Matthew Barnett comments on Matthew Barnett’s Shortform

Matthew Barnett 26 Jan 2024 18:52 UTC
2 points

Rogue AIs are quite likely to at least attempt to ally with humans and opposing human groups will indeed try to make some usage of AI. So the situation might look like “rogue AIs+humans” vs AIs+humans. But, I think there are good reasons to think that the non-rogue AIs will still be misaligned and might be ambivalent about which side they prefer.

I think if there’s a future conflict between AIs, with humans split between sides of the conflict, it just doesn’t make sense to talk about “misalignment” being the main cause for concern here. AIs are just additional agents in the world, who have separate values from each other just like how humans (and human groups) have separate values from each other. AIs might have on-average cognitive advantages over humans in such a world, but the tribal frame of thinking “us (aligned) vs. AIs (misaligned)” simply falls apart in such scenarios.

(This is all with the caveat that AIs could make war more likely for reasons other than misalignment, for example by accelerating technological progress and bringing about the creation of powerful weapons.)
- ryan_greenblatt 26 Jan 2024 20:07 UTC
  2 points
  Parent
  Sure, but I might think a given situation would nearly entirely resolved without misalignment. (Edit, without technical issues with misalignment, e.g. if AI creators could trivially avoid serious misalignment.)
  
  E.g. if an AI escapes from OpenAI’s servers and then allies with North Korea, the situation would have been solved without misalignment issues.
  
  You could also solve or mitigate this type of problem in the example by resolving all human conflicts (so the AI doesn’t have a group to ally with), but this might be quite a bit harder than solving technical problems related to misalignment (either via control type approaches or removing misalignment).
  - Matthew Barnett 26 Jan 2024 20:54 UTC
    4 points
    Parent
    What do you mean by “misalignment”? In a regime with autonomous AI agents, I usually understand “misalignment” to mean “has different values from some other agent”. In this frame, you can be misaligned with some people but not others. If an AI is aligned with North Korea, then it’s not really “misaligned” in the abstract—it’s just aligned with someone who we don’t want it to be aligned with. Likewise, if OpenAI develops AI that’s aligned with the United States, but unaligned with North Korea, this mostly just seems like the same problem but in reverse.
    In general, conflicts don’t really seem well-described as issues of “misalignment”. Sure, in the absence of all misalignment, wars would probably not occur (though they may still happen due to misunderstandings and empirical disagreements). But for the most part, wars seem better described as arising from a breakdown of institutions that are normally tasked with keeping the peace. You can have a system of lawful yet mutually-misaligned agents who keep the peace, just as you can have an anarchic system with mutually-misaligned agents in a state of constant war. Misalignment just (mostly) doesn’t seem to be the thing causing the issue here.

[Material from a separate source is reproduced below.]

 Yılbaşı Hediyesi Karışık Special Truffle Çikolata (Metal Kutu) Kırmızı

    You could also solve or mitigate the problem by resolving all human conflicts (so the AI doesn’t have a group to ally with)
    Note that I’m not saying
    AIs will aid in existing human conflicts, picking sides along the ordinary lines we see today
    I am saying:
    AIs will likely have conflicts amongst themselves, just as humans have conflicts amongst themselves, and future conflicts (when considering all of society) don’t seem particularly likely to be AI vs. human, as opposed to AI vs AI (with humans split between these groups).

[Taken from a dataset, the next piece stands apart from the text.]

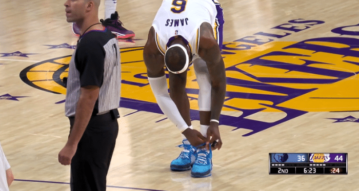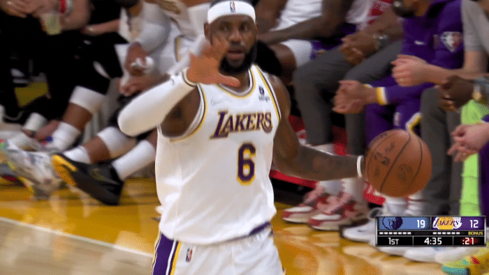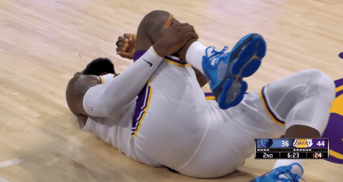 詹姆斯第一节进攻状态不佳,第二节终于命中三分球,不过第二节6分23秒,詹姆斯痛苦倒地,捂着小腿令人担忧,被倒地的灰熊球员压到小腿,湖人众将赶紧围过来,詹姆斯躺在地板上缓了一会。

    - ryan_greenblatt 26 Jan 2024 21:38 UTC
      2 points
      Parent
      
      Note that I’m not saying
      
      Yep, I was just refering to my example scenario and scenarios like this.
      
      Like the basic question is the extent to which human groups form a cartel/monopoly on human labor vs ally with different AI groups. (And existing conflict between human groups makes a full cartel much less likely.)

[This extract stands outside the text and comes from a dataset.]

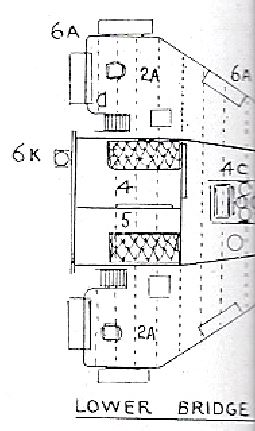 Use drawings 1. Bridge Profile Detail, 2. Lower Bridge Plan Detail and 3. Upper Bridge Plan Detail to scratch build the missing detail parts. From drawing 2 item 2A is a small signaling search light, build 2 and place on the cones on part B3. Item 9A is the Director Control Tower, scratch build this and add to the bridge. Item 19A, Torpedo Deflection Sight Stand, is shown as a small bump in the bridge deck, scratch build two, see 4. below for details. Item 4A, Chart Table will also have to be scratch built from scrap PE. In the back corners of the upper bridge place WEM PE part 74, Bridge Semaphores. Items 6A are Signal Flag Lockers and will have to be scratch built. Item 6K is the Aerial Truck and is correctly positioned on the back of part 19, there should be a ladder running up to it from the deck, use WEM PE part 7 to make this.

    - ryan_greenblatt 26 Jan 2024 21:30 UTC
      2 points
      Parent
      Sorry, by “without misalignment” I mean “without misalignment related technical problems”. As in, it’s trivial to avoid misalignment from the perspective of ai creators.
      - Matthew Barnett 26 Jan 2024 21:58 UTC
        2 points
        Parent
        This doesn’t clear up the confusion for me. That mostly pushes my question to “what are misalignment related technical problems?” Is the problem of an AI escaping a server and aligning with North Korea a technical or a political problem? How could we tell? Is this still in the regime where we are using AIs as tools, or are you talking about a regime where AIs are autonomous agents?
        ryan_greenblatt 26 Jan 2024 22:08 UTC
        2 points
        Parent
        I mean, it could be resolved in principle by technical means and might be resovable by political means as well. I’m assuming the AI creator didn’t want the AI to escape to north korea and therefore failed at some technical solution to this.
        
        I’m imagining very powerful AIs, e.g. AIs that can speed up R&D by large factors. These are probably running autonomously, but in a way which is de jure controlled by the AI lab.